Important note: I’m foremost a practitioner and I prefer systems that solve problems in a pragmatic way. I’m sure there are more elegant and correct ways of solving the problem with metadata if you ask information architects/managers and taxonomists.
There are some problems…
If it’s hard to add metadata to the information and it is mandatory to add it, then all publishers will simply use the first available metadata at hand in order to get past the mandatory metadata. This is actually even worse than no metadata. Usually we have relied on web editors to manually add keywords, but the problem is that the web editor needs (very) good domain knowledge in order to add the right metadata (keywords, subject). There should be a system that can help content editors add relevant metadata. Also, more people than web editors should be able to add metadata.
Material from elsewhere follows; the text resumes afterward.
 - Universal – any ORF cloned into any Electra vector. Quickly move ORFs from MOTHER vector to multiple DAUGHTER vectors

But to any problem there is a solution…
The most important thing is that it should be very easy to add metadata to any information. It needs to be designed in a way so that it only takes a few seconds to get done. So that web editors with good domain knowledge can add metadata fast. Or the web editor should be able to get help from the system, by adding metadata from a list of suggested keywords. Users should also be able to help with adding metadata to information, by tagging it.
We have decided to have three separate types of keyword metadata:
- Keywords that belong to a taxonomy like MeSH or SnoMed CT
- Keywords that are manually added by the content editor (the old standard way)
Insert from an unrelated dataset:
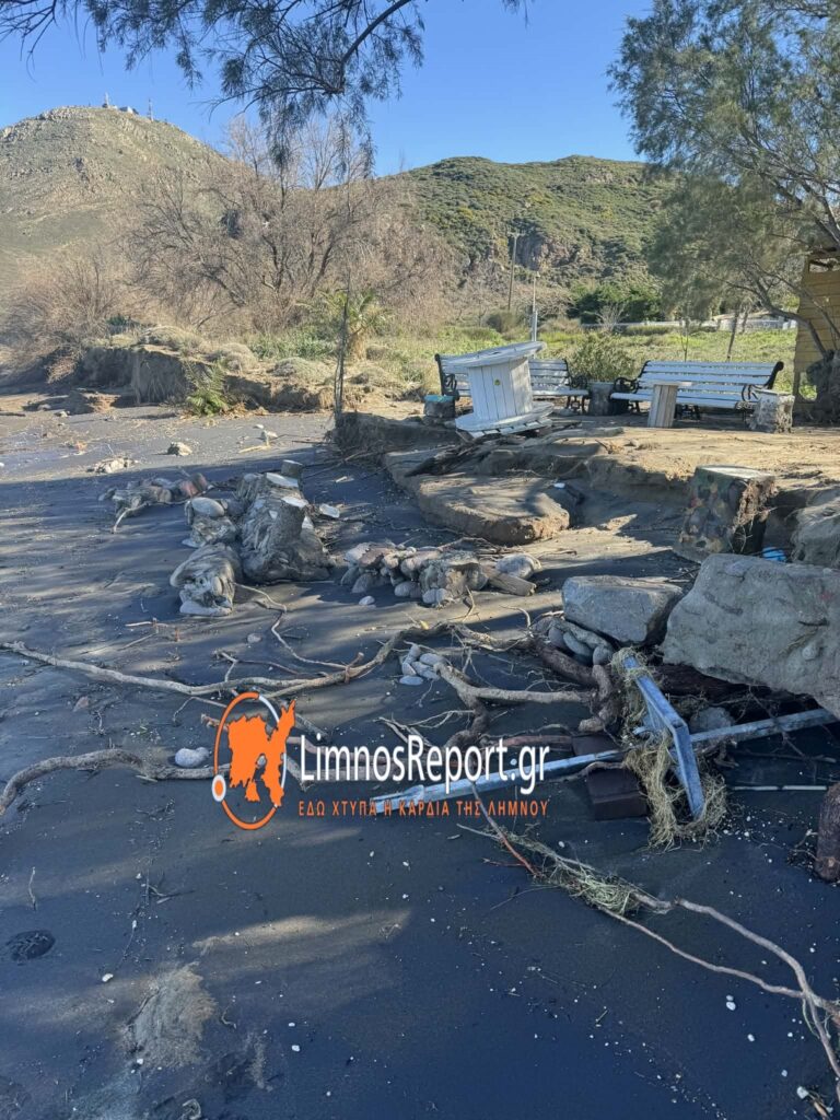 Σε αρκετά σημεία της παραλίας παρατηρείται έντονη υποχώρηση των αμμολόφων, με απότομα πρανή να σχηματίζονται εκεί όπου άλλοτε υπήρχε ομαλή πρόσβαση στη θάλασσα. Τα κύματα μετέφεραν πέτρες, κλαδιά και φερτά υλικά, ενώ δεν έλειψαν και οι φθορές σε παγκάκια και μικρές κατασκευές που βρίσκονταν κοντά στην ακτή.

- Keywords that are added by users, i.e.. tagging
Because of the three separate types of keywords, the search engine’s relevancy model can use them in different ways, depending of the content type, content usage etc.
We have tried to design a system that is as non-intrusive as possible in order to get all content editors/contributors, users etc. to add metadata. We have developed (and open sourced) a few metadata-services (documentation now in english!), that we think are useful:
- Content analysis
- Keyword service
- Controlled lists
- Tagging service
Content analysis and the keyword service
With the press of a button, the content is sent to the metadata service where the Content analysis strips away all formatting from the content, so that the keyword service can analyze the content and identify good keyword candidates. This done by comparing the content to a larger corpus/model for information and when it finds words that are rare in the larger corpus then they are very likely to be (according to statistical models) good (unique) keywords for the document that is analyzed. The resulting keywords can then be mapped against a taxonomy, e.g.. MeSH, and if the corresponding term for the keyword is found, then we can add that as metadata as well. This is very useful as this gives the possibility for semantic data as well or linked data if you prefer. The keywords are then returned to the system that asked for the document-specific keywords. Example below with keyword suggestions for a short text about sunstroke and heatstroke from the implementation in our CMS.
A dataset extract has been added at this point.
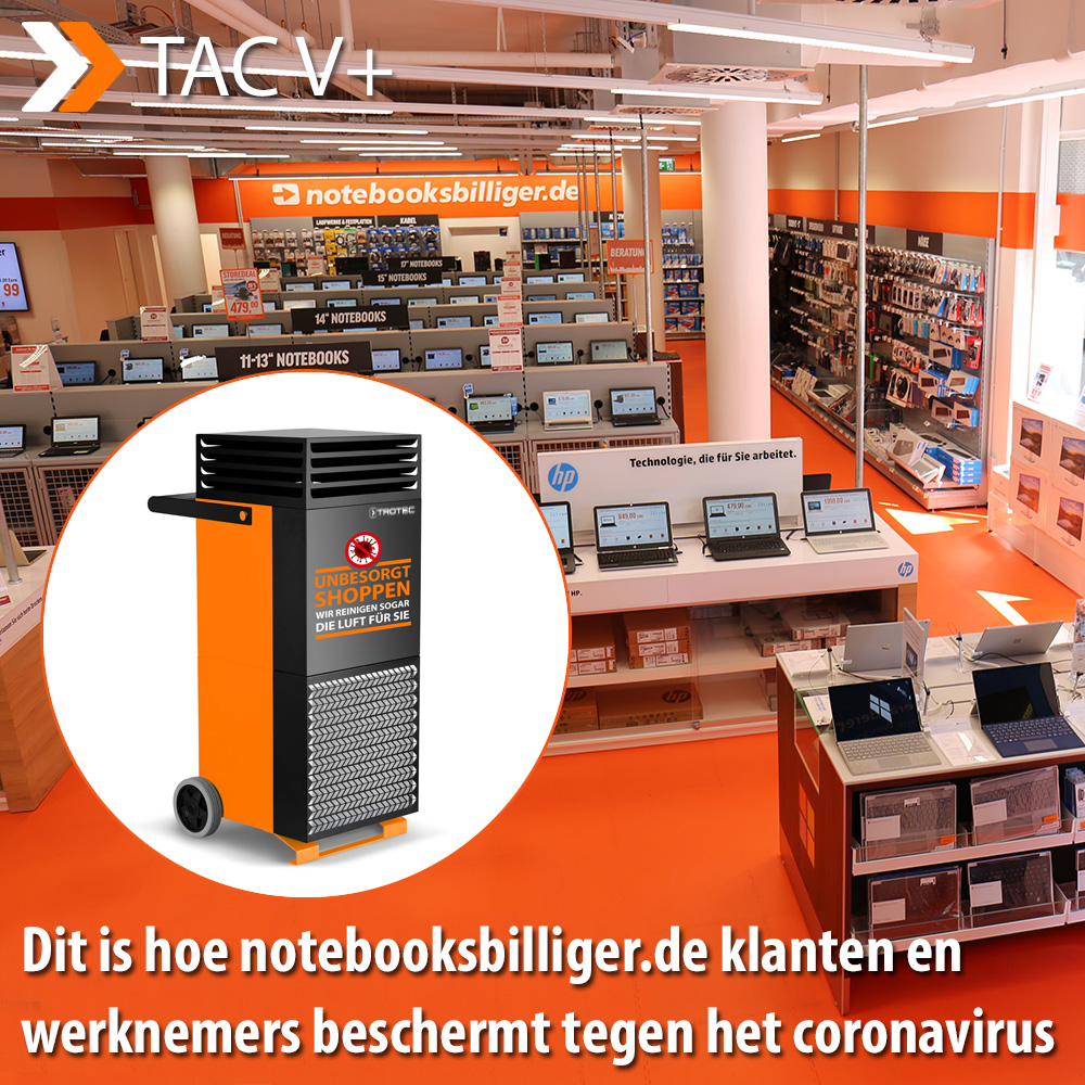 Het hing al langer in de lucht! Nu heeft ook het Robert Koch Instituut (RKI) bevestigd dat het coronavirus zich verspreidt via de ruimtelucht[1]. Om dit besmettingsrisico te beperken, zet de Duitse elektronicawebwinkel Notebooksbilliger.de in zijn opnieuw geopende store in München in op verscherpte veiligheidsmaatregelen, die zelfs verder gaan dan wat wettelijk verplicht is. De nieuwe hoogfrequente luchtreiniger TAC V+ van Trotec moet klanten beschermen tegen besmettingen via de lucht, door infectieuze aerosols (piepkleine speekseldeeltjes) uit de ruimtelucht te filteren. Volgens wetenschappers en virologen vormen aerosols een van de hoofdoorzaken voor de besmetting met het coronavirus. Door de ruimtelucht echter constant, grondig en in korte intervallen te ‘spoelen’, daalt het gevaar om blootgesteld te worden aan de aerosols die vrijkomen bij het praten en hoesten op verbluffende wijze.

What usually happens is that the keywords are presented for the content editor who then can choose the relevant keywords from the suggested list. This further improves the quality of the keywords.
Controlled lists, one type of master-metadata
Another way we use the metadata-service is to provide us with controlled lists of metadata, e.g.. Target groups, cities, subjects or document-types. We have a lot of this kind of lists and they are basically all governed by our information management people. The lists and taxonomies are all stored in our terminology/taxonomy server (Apelon DTS), an open source product. This gives us the opportunity to use the same master-metadata in many different information systems. The practical use of this is that the content editor can choose metadata from e.g. a drop-down list. Example below where the metadata element “Use for” is high-lighted:
This is necessary if we want to give the right information to the right people. This way we can use our search engine to find all documents related to a specific document type, for a specific subject, at a given geo-location that relates to a specified target group. For example we could ask the search engine to
“Give me all documents regarding personnel benefits that applies to everybody working at the HQ in Gothenburg as IT strategists”.
Of course the actual (programmatic) search query is formatted in a different way, but still it’s the same query.
Tagging
User can also add valuable and usable metadata if they are allowed to tag the information. Instead of allowing any keyword to be added by an anonymous user (we wanted to avoid swearwords, dirty words etc). We wanted to automate what tags are added and what tags are not added by using a tagging service, described in the illustration below:
This is how we work with adding metadata to our information. All of the metadata-services described here are open sourced by us or others.
Any comments are very welcome.

The Information flow part 2: Information and metadata by sys 64738, unless otherwise expressly stated, is licensed under a Creative Commons Attribution-ShareAlike 3.0 Unported License.




Pingback: IntranetLounge
Great post Kristian, very useful. Thanks for sharing!
I am very impressed to see how serious you take metadata, how you use it and implemented it. Metadata is the secret ingredient for a successful intranet or any information system, it is like the oil for a smoothly running engine. Metadata makes content relevant, findable, it can link content to content, content to people and vice versa and eventually people to people.
I recognise the issue that people sometimes use the wrong metadata, indeed that is worse than no metadata (and then complain their article can’t be found, duh).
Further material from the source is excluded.